The $4 billion fund-raising campaign, launched in fall 2006 to improve academic programs and increase financial aid, among other goals, is the most ambitious effort ever by an American university. When the campaign was initially announced, Executive Director of Communications for the Office of University Development and Alumni Relations Jerry Kisslinger told Spectator, “It really matters that we build a broader base of people who see that as meaningful, because it really changes the definition of what the Columbia community and its alumni are about.”
The question of where the money is actually applied, as anyone dealing with large amounts of money, is complex and multileveled, mostly due to the variety of sums that alumni can choose between to give. Whereas the larger donations in the six- and seven-figure range are widely publicized and often designated for a specific cause, smaller donations trickle down to the Columbia College Annual Fund.
Gifts toward the annual fund are considered “unrestricted,” meaning that the University determines how to best spend that money.
“If someone gives a gift to the annual fund, they know they are supporting financial aid, facilities programming, and faculty. It is understood that the college will determine where that money goes,” said Dan Baker, CC ’76, executive director of the Office of Stewardship at UDAR.
Steve Shapiro, CC ’79, cites his fond memories at Columbia as his motive for donating to the college fund. “I didn’t have a great high school learning experience. College is where I felt I learned,” Shapiro said.

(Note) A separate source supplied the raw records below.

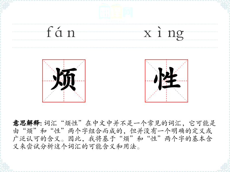由于“烦性”不是一个标准词汇,它在不同语境下的使用可能非常有限。在文学或口语中,如果出现这个词汇,可能是用来形容某人的性格特点,即容易烦躁或不耐烦。
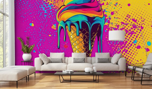 fargerikt neon iskrem tapet kalt Pop Art Ice Cream Cones for kafeer, restauranter og barnas soverom
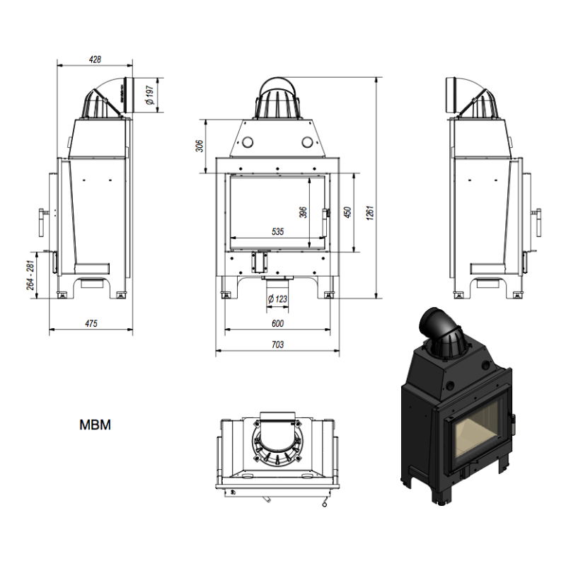 Krbová vložka MBM 10kW rovná
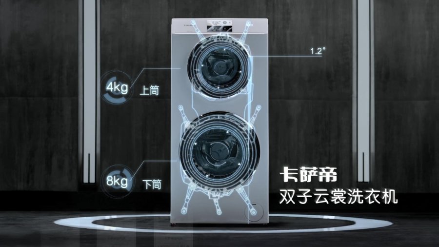 而卡萨帝在2015年推出全球第一台一机双筒“分区洗”洗衣机——双子云裳后,这一习惯终于被打破。卡萨帝的独家技术让洗衣机的双滚筒可以互相牵制、达到极致平衡,从而解决了家庭衣物如何高效分洗的难题。
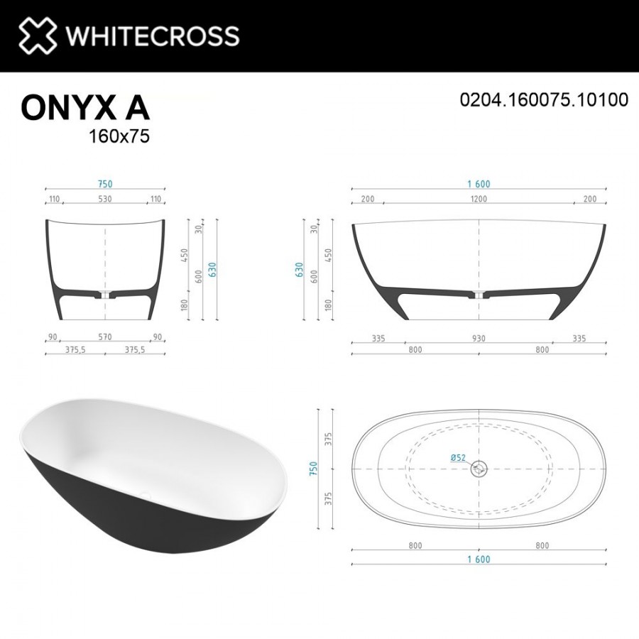 Ванна из искусственного камня Whitecross Onyx A 160x75 черный/белый глянец
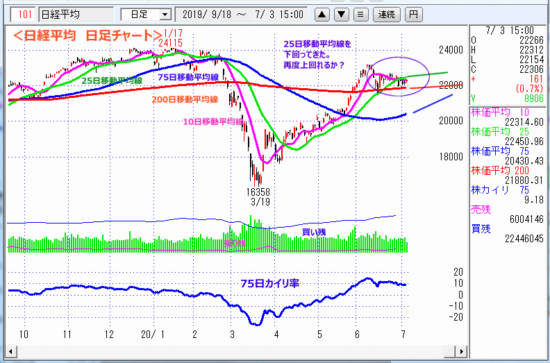 7月入りから、日経平均は10日移動平均線と25日移動平均線はDクロスしました。株価は25日移動平均線を下回っています。チャート的には10日移動平均線と25日移動平均線が上値抵抗線になった形ですが、200日移動平均線(下値支持線)を下回らなければシッカリしていると言えます。
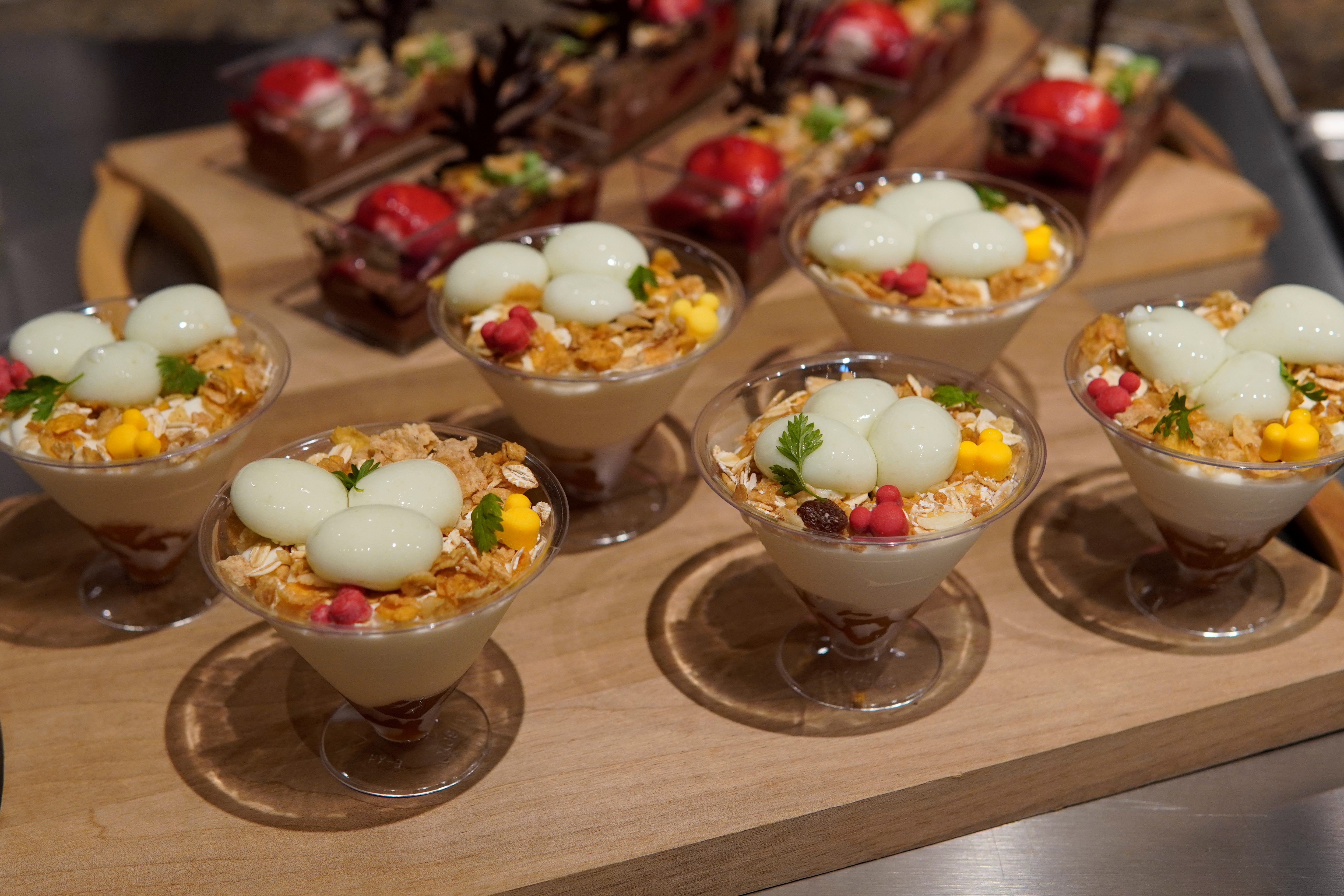 六、今次美食節中,樂園特別推介分子甜品料理廚房,每星期提供6款創意甜品。主廚Stephen引述謝霆鋒所說:「分子料理的特點就是所吃非所見,吃第一次未必想吃第二次,所以今次分子料理就主打甜品,大概無人會拒絕甜品。」食客可以在現場觀看廚師製作,一探其「真身」。圖中這款「椰子布甸配古巴高球雞尾酒」,鋪在上面的白色分子波波,一入口就爆發出酒味,原來是用氣槍將把以朗姆酒、青檸汁、糖和薄荷調成的莫吉托(mojito)打進波波,再鋪於用朗姆酒、鳳梨汁和椰子製成的雞尾酒椰子菠蘿冧酒(Pina Colada)的分子魚子上。

Yet small donors can still specify a “preference” of where they want their gift to go. Whether in extracurricular or scholarship funds, for instance, the destination of donations may change based on the size.
“Organizations always like money to be unrestricted, but there is very little of that around,” Baker said.
If a donor contributes a large amount, they can place restrictions on it with more flexibility, according to Baker. Such sums, for example, often enable the creation of a new fund.
Administrators defend the system, describing it as responsible for the recent growth in the University’s endowment.
But restrictions placed upon gifts are the reason that “we have a seven billion dollar endowment, and not seven billion to spend,” Kisslinger said.
The accumulation of a large endowment, however, seems to discourage some alumni. When donating money, “I would rather them not put it into the endowment. It is obscene to have billions of dollars endowment just sit there,” Shapiro said.
But with universities such as Harvard and Yale boasting endowments of $34.9 billion and $22.5 billion respectively , Columbia is in a crunch to increase its $7 billion endowment.
“I think it’s just inevitable. [Columbia] wants to compete with the best universities that are much better endowed than Columbia. The Harvard’s, the Yale’s, and the Stanford’s. And to do that it has to expand and ask for money,” Shapiro said.